- What is being asked: Transcribe the records verbatim, images excluded.
■ ■ ■ ■
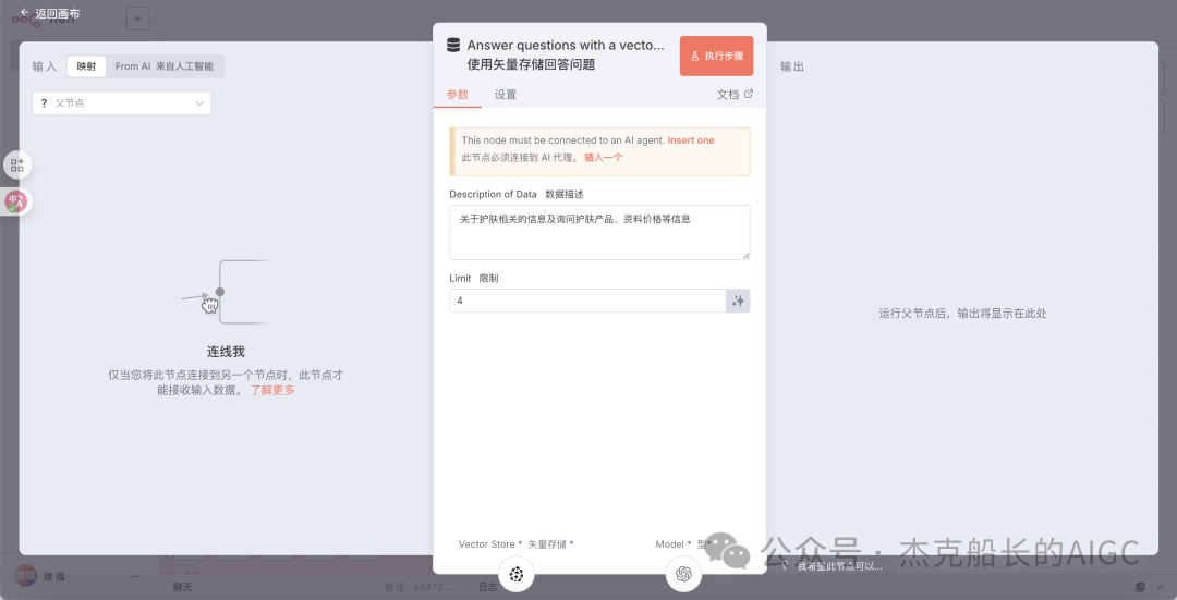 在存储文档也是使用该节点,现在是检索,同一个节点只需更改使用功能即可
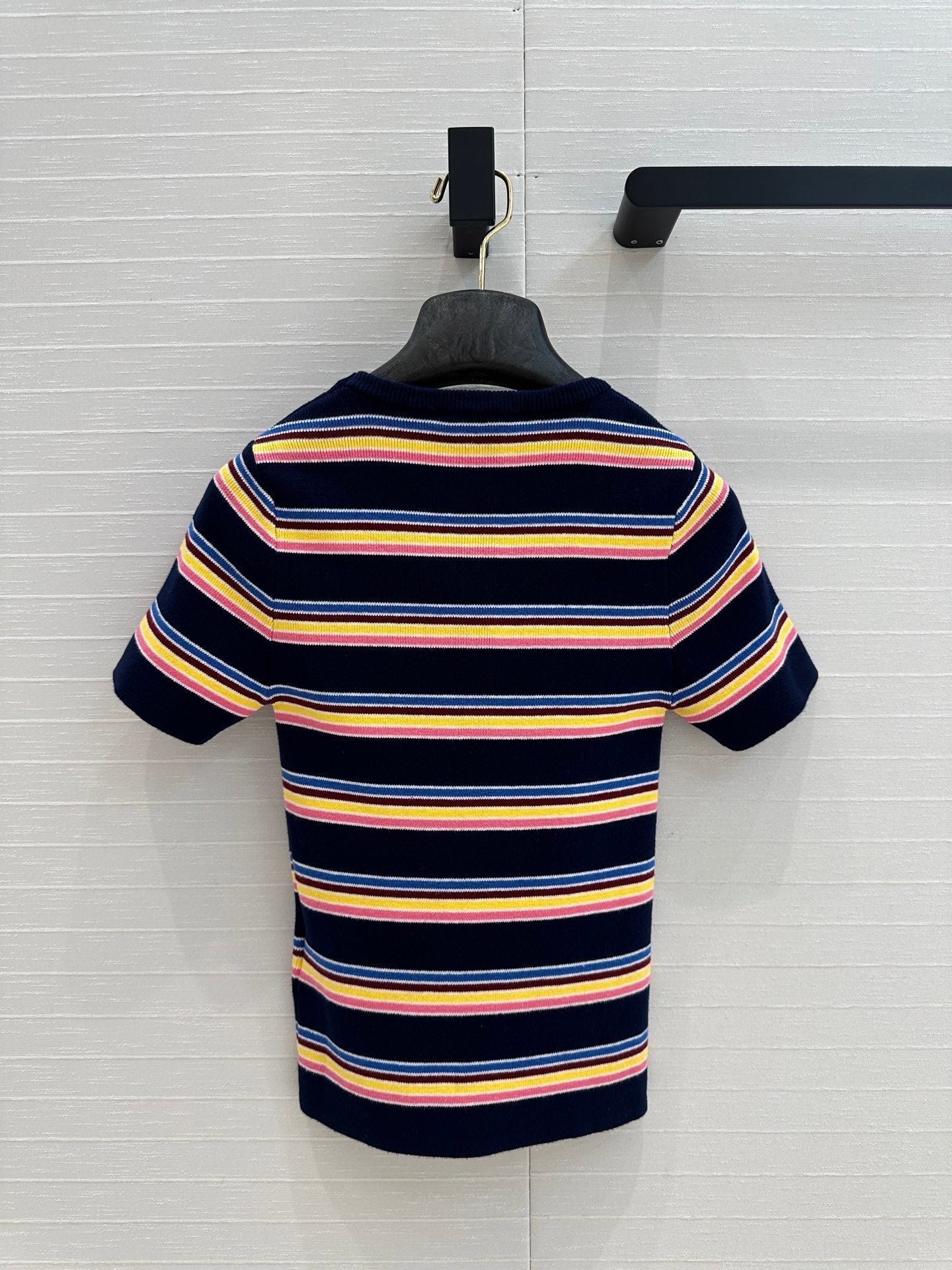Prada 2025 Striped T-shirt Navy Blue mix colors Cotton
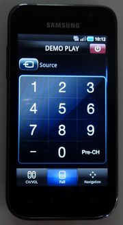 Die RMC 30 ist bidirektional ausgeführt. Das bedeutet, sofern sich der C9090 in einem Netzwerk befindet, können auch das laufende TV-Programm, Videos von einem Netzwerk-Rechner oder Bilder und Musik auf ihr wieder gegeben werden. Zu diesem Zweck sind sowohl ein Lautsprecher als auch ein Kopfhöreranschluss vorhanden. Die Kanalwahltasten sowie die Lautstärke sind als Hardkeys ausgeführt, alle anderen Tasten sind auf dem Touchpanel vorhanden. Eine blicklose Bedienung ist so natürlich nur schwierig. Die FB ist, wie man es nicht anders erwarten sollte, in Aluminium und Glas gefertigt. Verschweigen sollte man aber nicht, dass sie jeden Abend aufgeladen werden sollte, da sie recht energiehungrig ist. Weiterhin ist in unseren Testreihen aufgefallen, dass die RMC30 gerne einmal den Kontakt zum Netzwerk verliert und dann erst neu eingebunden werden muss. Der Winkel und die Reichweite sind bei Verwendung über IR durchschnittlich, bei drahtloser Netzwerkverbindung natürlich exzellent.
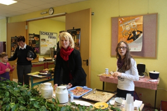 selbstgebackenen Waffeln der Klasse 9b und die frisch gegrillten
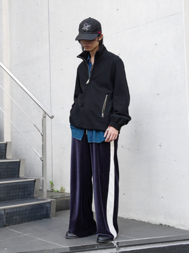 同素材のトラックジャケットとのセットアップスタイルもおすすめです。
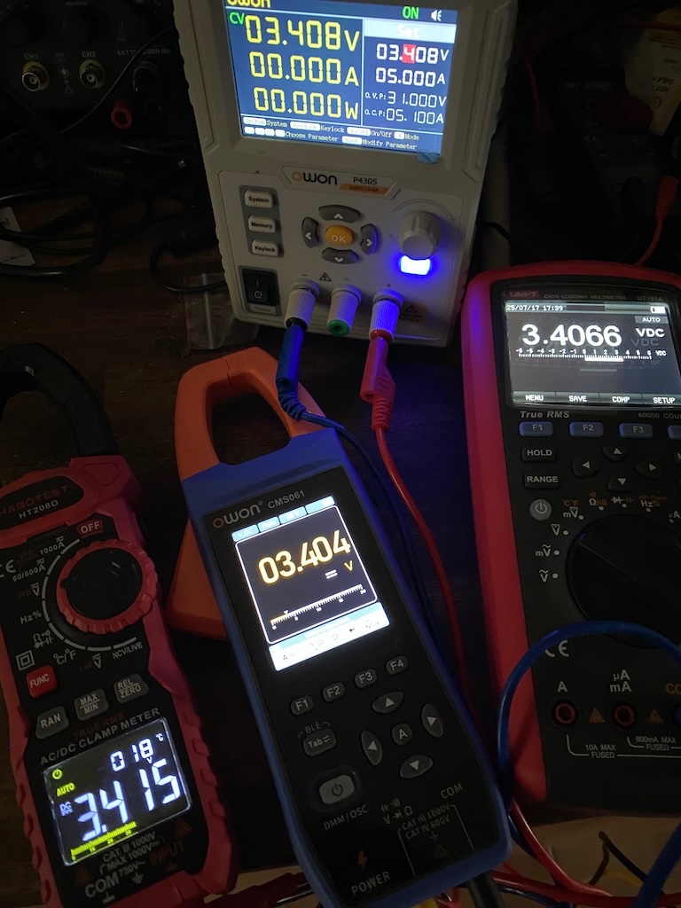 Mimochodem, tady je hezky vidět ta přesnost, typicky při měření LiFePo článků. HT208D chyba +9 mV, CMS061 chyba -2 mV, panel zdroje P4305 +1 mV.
■ ■ ■ ■
- Answer:
 在存储文档也是使用该节点,现在是检索,同一个节点只需更改使用功能即可
Prada 2025 Striped T-shirt Navy Blue mix colors Cotton
 Die RMC 30 ist bidirektional ausgeführt. Das bedeutet, sofern sich der C9090 in einem Netzwerk befindet, können auch das laufende TV-Programm, Videos von einem Netzwerk-Rechner oder Bilder und Musik auf ihr wieder gegeben werden. Zu diesem Zweck sind sowohl ein Lautsprecher als auch ein Kopfhöreranschluss vorhanden. Die Kanalwahltasten sowie die Lautstärke sind als Hardkeys ausgeführt, alle anderen Tasten sind auf dem Touchpanel vorhanden. Eine blicklose Bedienung ist so natürlich nur schwierig. Die FB ist, wie man es nicht anders erwarten sollte, in Aluminium und Glas gefertigt. Verschweigen sollte man aber nicht, dass sie jeden Abend aufgeladen werden sollte, da sie recht energiehungrig ist. Weiterhin ist in unseren Testreihen aufgefallen, dass die RMC30 gerne einmal den Kontakt zum Netzwerk verliert und dann erst neu eingebunden werden muss. Der Winkel und die Reichweite sind bei Verwendung über IR durchschnittlich, bei drahtloser Netzwerkverbindung natürlich exzellent.
 selbstgebackenen Waffeln der Klasse 9b und die frisch gegrillten
 同素材のトラックジャケットとのセットアップスタイルもおすすめです。
 Mimochodem, tady je hezky vidět ta přesnost, typicky při měření LiFePo článků. HT208D chyba +9 mV, CMS061 chyba -2 mV, panel zdroje P4305 +1 mV.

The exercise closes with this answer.